| HN Mirror

Y	Hacker News new \| ask \| show \| jobs


	by Retr0id 66 days ago
	Tokens can also be burnt on decompilation.

3 comments

tptacek 66 days ago

Yes, and it apparently burns lots of tokens. But what I've heard is that the outcomes are drastically less expensive than hand-reversing was, when you account for labor costs.

link

jeffmcjunkin 66 days ago

Can confirm. Matching decompilation in particular (where you match the compiler along with your guess at source, compile, then compare assembly, repeating if it doesn't match) is very token-intensive, but it's now very viable: https://news.ycombinator.com/item?id=46080498

Of course LLMs see a lot more source-assembly pairs than even skilled reverse engineers, so this makes sense. Any area where you can get unlimited training data is one we expect to see top-tier performance from LLMs.

(also, hi Thomas!)

link

stackghost 66 days ago

My own experience has been that "ghidra -> ask LLM to reason about ghidra decompilation" is very effective on all but the most highly obfuscated binaries.
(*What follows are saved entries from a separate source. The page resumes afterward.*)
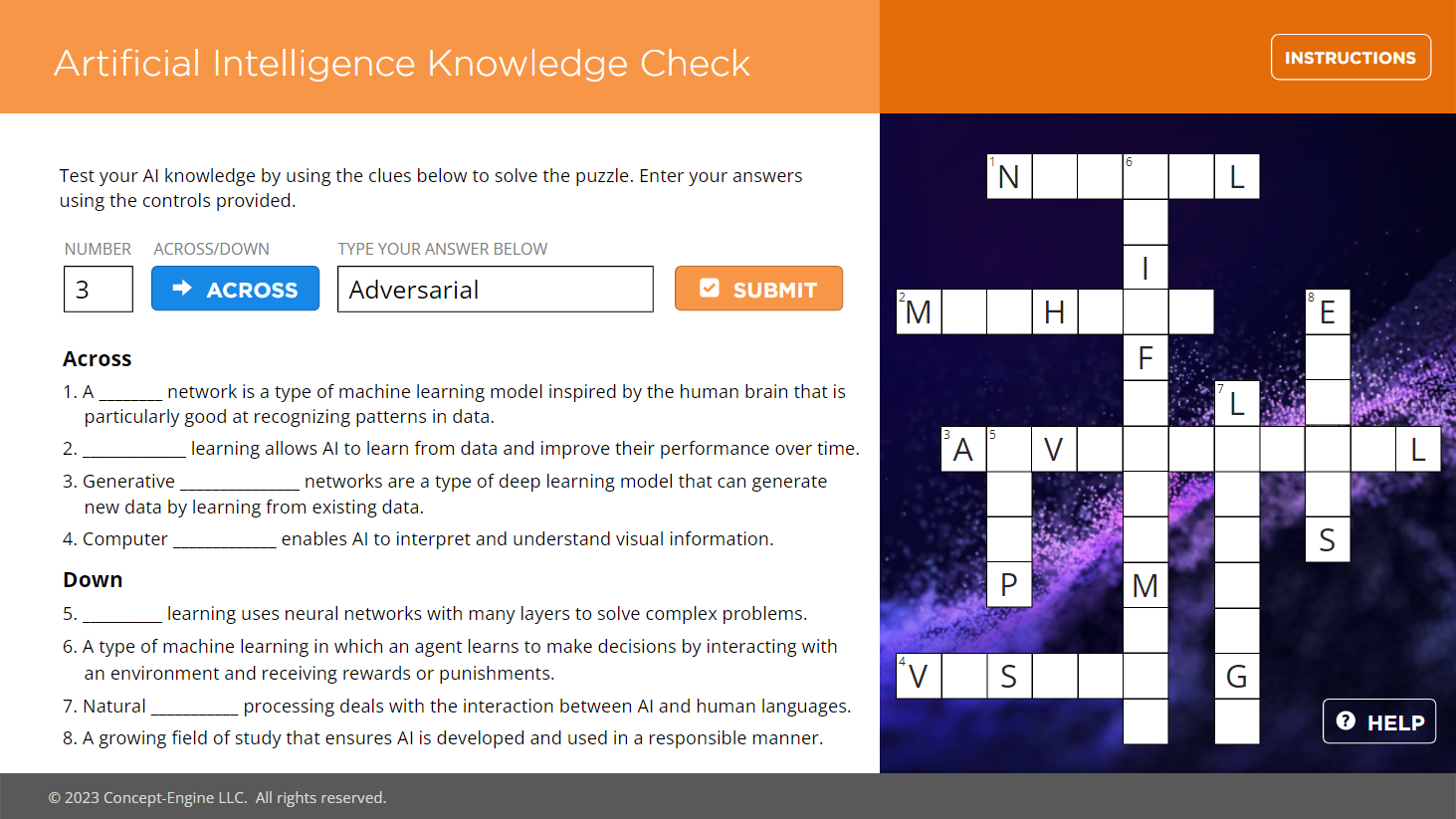Learners can test their AI knowledge as they solve a digital crossword puzzle game. This fun activity highlights the gamification capabilities in Articulate Storyline 360.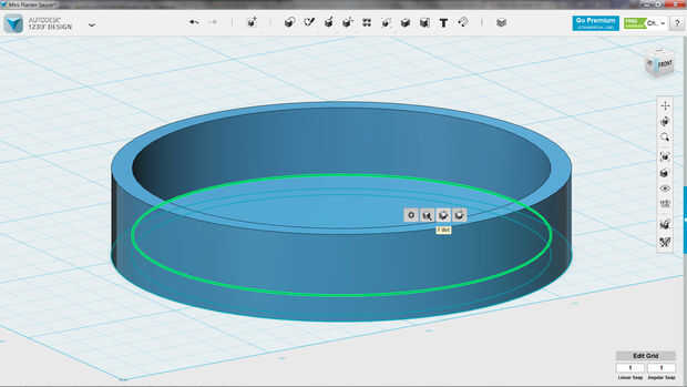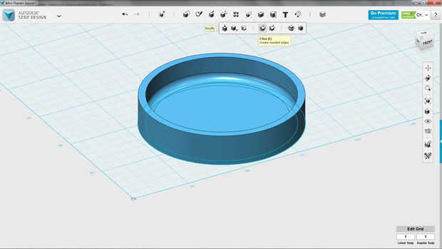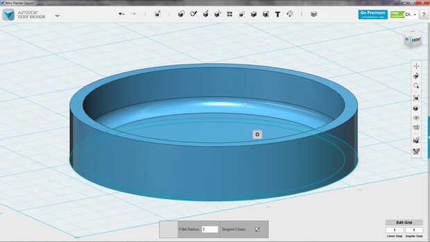 Vamos a utilizar el comando de filete, este comando suaviza la transición entre dos zonas que se conectan. En este caso estamos redondeando el borde interior del platillo desde ángulos ajustados son más difíciles de limpiar. Botón izquierdo del ratón sobre la línea interior de fondo en el plantador, puede que necesite ajustar el ángulo de visión para obtener la selección correcta. Una vez que seleccione algunas opciones vendrán bajo el icono de engranaje gris. Queremos elegir la opción de filete. En la parte inferior que le preguntará cuánto queremos filete, escriba 3 y se le mostrará cómo que se vería, como con todo lo demás no dude en probar diferente que yo, pero voy a pegar con una transición de 3 mm. Pulse Enter.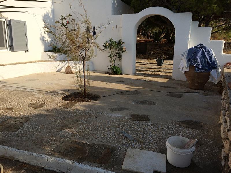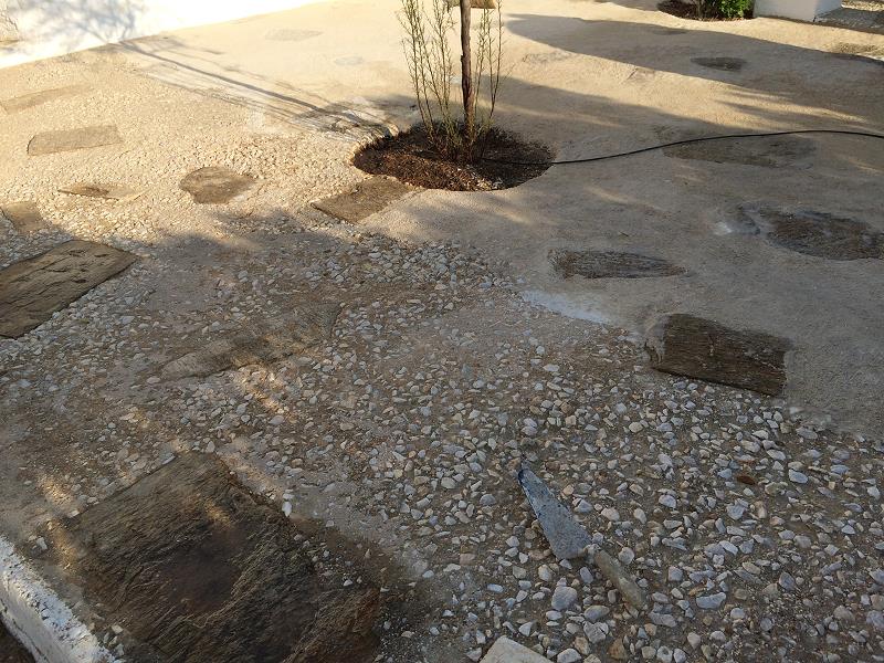 DIE “AUSGEWASCHENEN” MARMORKIES-STEINE DES PLATZES, SPEZIELL VOR DEM GUESTHOUSE, NERVEN. ICH VERSUCHE, DIESE WIEDER IN ZEMENT EINZUBETTEN... |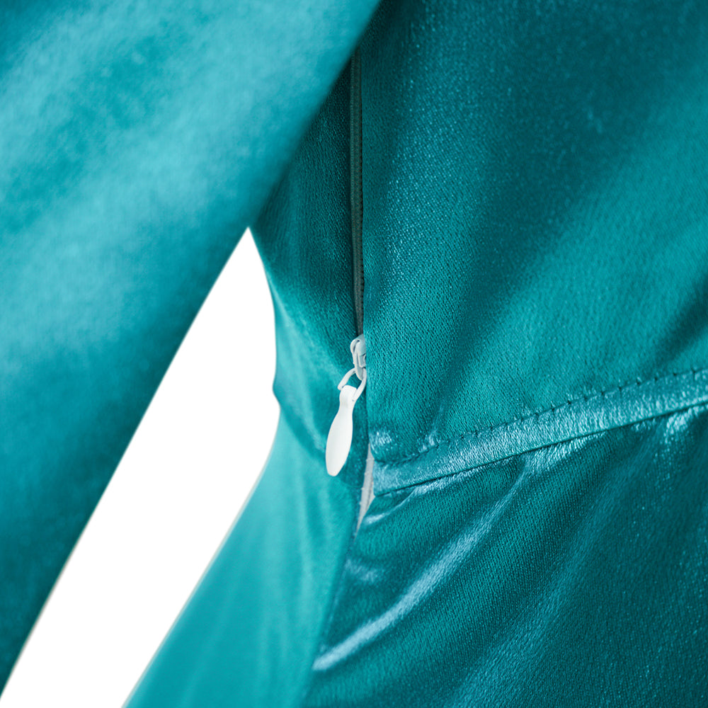 Unlike standard costumes, this dress is crafted from high-quality Crystal Satin (5574 Green & White), giving the fabric a beautiful, subtle shimmer that looks stunning under lights. The interior features a 75D Bright Double Crepe Lining, ensuring the dress is opaque, comfortable against the skin, and flows elegantly as you move.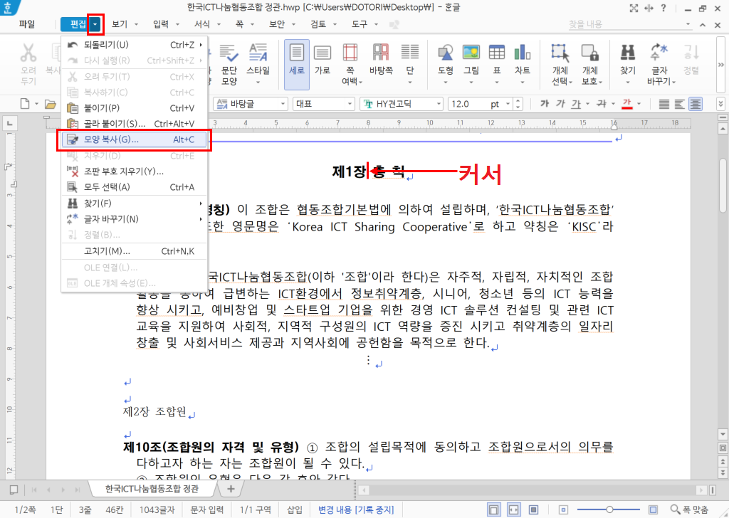 1.복사할 글자 모양과 문단 모양을 가진 문단 위에 커서를 두고 [편집]-[모양 복사] 메뉴를 선택하거나 [Alt]+[C] 키를 누릅니다.
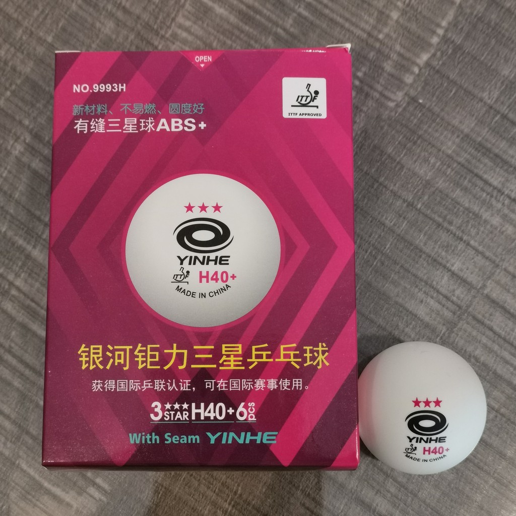 Yinhe H40+ 3 Star Ball merupakan rekomendasi selanjutnya yang bisa diandalkan. Kamu bisa memakai bola pingpong yang satu ini untuk aneka turnamen kecil atau untuk bermain bersenang-senang dengan keluarga. Produk yang satu ini terbuat dari bahan plastik ABS. Bola pingpong ini hadir dengan sambungan. Bola warna putih ini dikemas dalam kotak berisi 6 buah. Produk ini memiliki diameter 40 mm. Bola sudah disetujui oleh ITTF.

Burning tokens by asking the LLM to compile, disassemble, compare assembly, recompile, repeat seems very wasteful and inefficient to me.

link

mikestaas 66 days ago

LaurieWired did a good episode about that kind of thing https://www.youtube.com/watch?v=u2vQapLAW88

link

kimixa 66 days ago

That matches my experience too - LLMs are very capable in "translating" between domains - one of the best experience I've had with LLMs is turning "decompiled" source into "human readable" source. I don't think that "Binary Only" closed-source isn't the defense against this that some people here seem to think it is.

link

echelon 66 days ago

Has anyone used an LLM to deobfuscate compiled Javascript?

link

lelanthran 66 days ago

> Has anyone used an LLM to deobfuscate compiled Javascript?

Seems like a waste of money; wouldn't it be better to extract the AST deterministically, write it out and only then ask an LLM to change those auto-generated symbol names with meaningful names?

link

heeen2 66 days ago

yes, but it requires some nudging if you don't want to waste tokens. it will happily grep and sed through massive javascript bundles but if you tell it to first create tooling like babel scripts to format, it will be much quicker.

link

echelon 65 days ago

> but if you tell it to first create tooling like babel scripts to format, it will be much quicker.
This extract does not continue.